With the pictures left out, return exactly the lines from the one containing "Young Lauri Pihkala" through the end of the listing below.
[DATA]
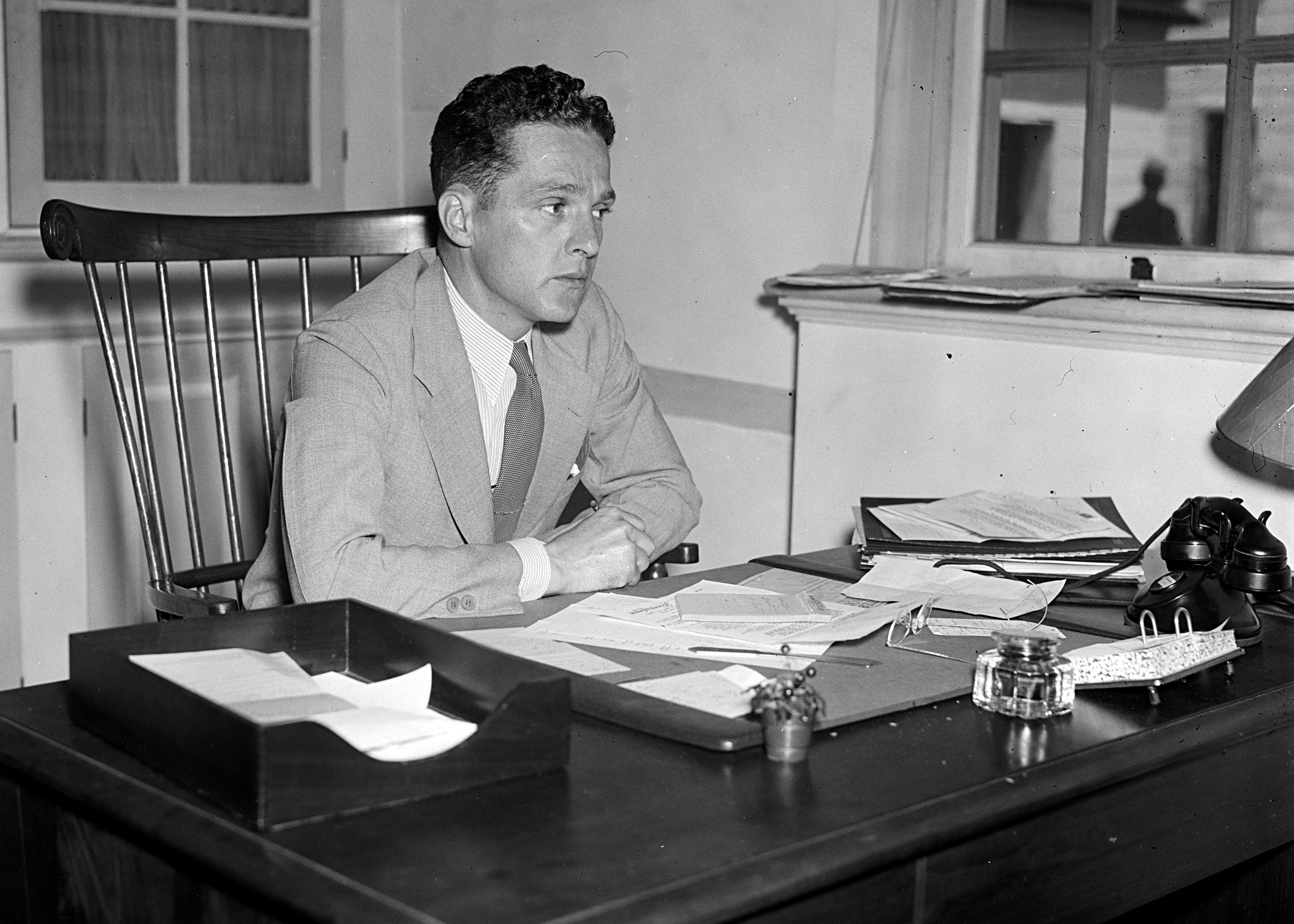 Michael J. Bradley, US Representative from Pennsylvania
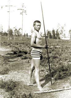 Young Lauri Pihkala
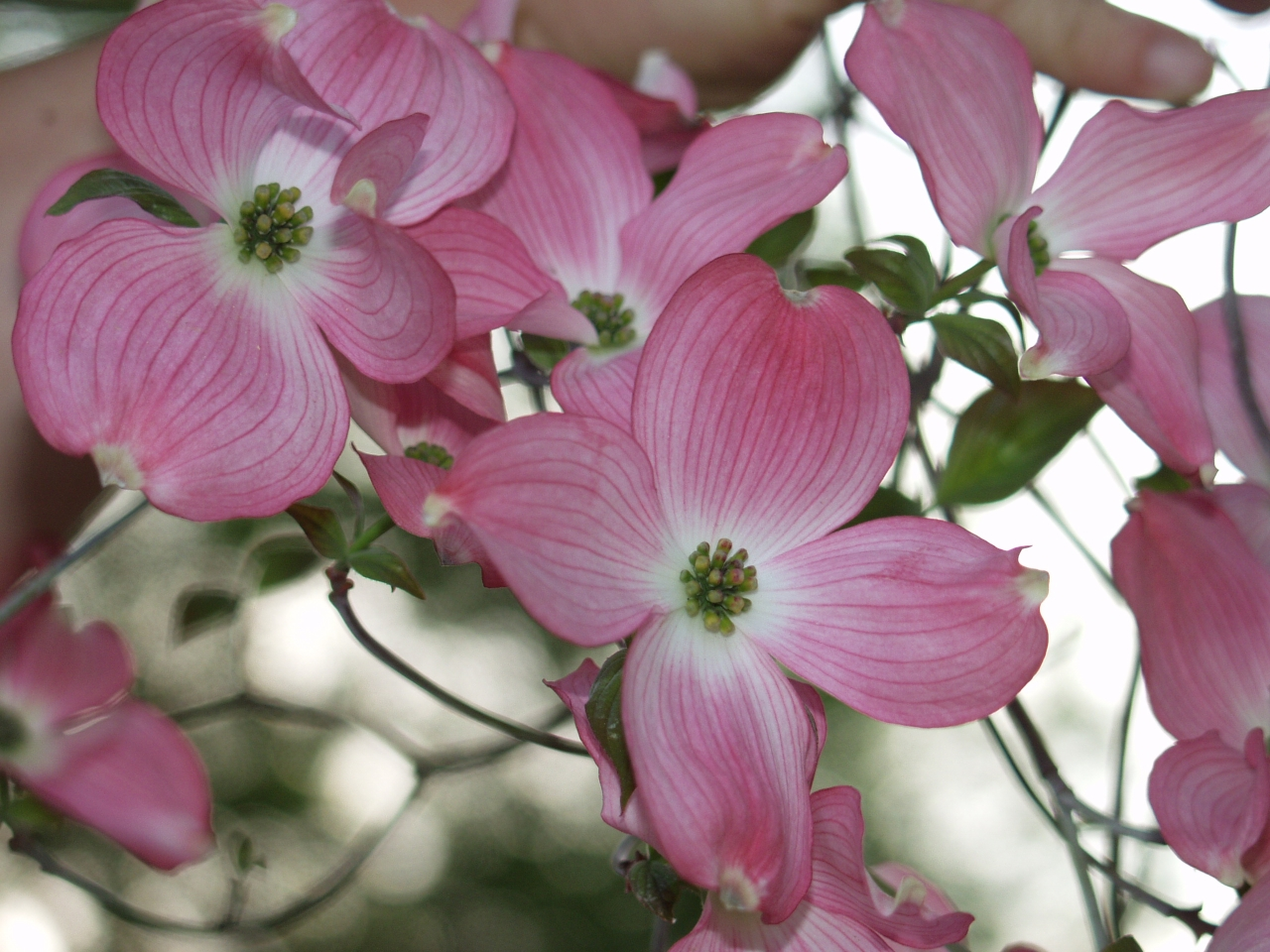 Flowes of Cornus florida rubra
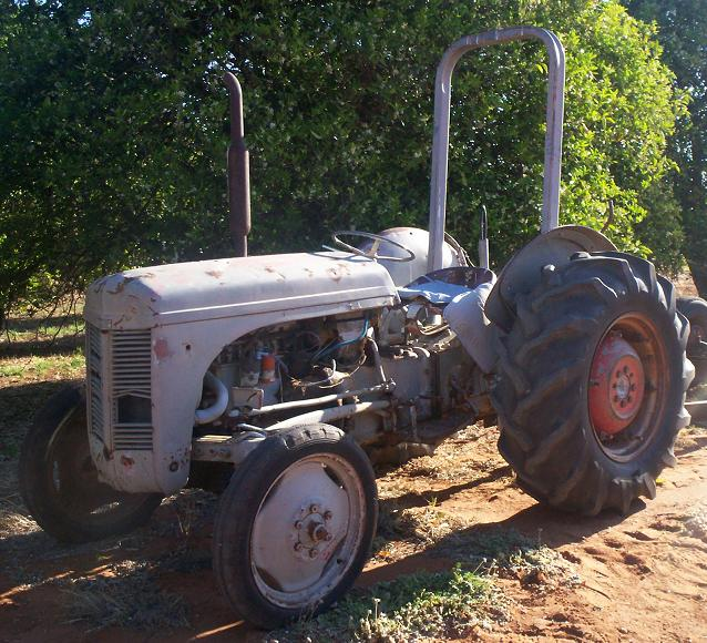 A Ferguson TE20 tractor, located at a citrus orchard in Palinyewah, New South Wales, Australia
[/DATA]
*RESPONSE BELOW*.
 Young Lauri Pihkala
 Flowes of Cornus florida rubra
 A Ferguson TE20 tractor, located at a citrus orchard in Palinyewah, New South Wales, Australia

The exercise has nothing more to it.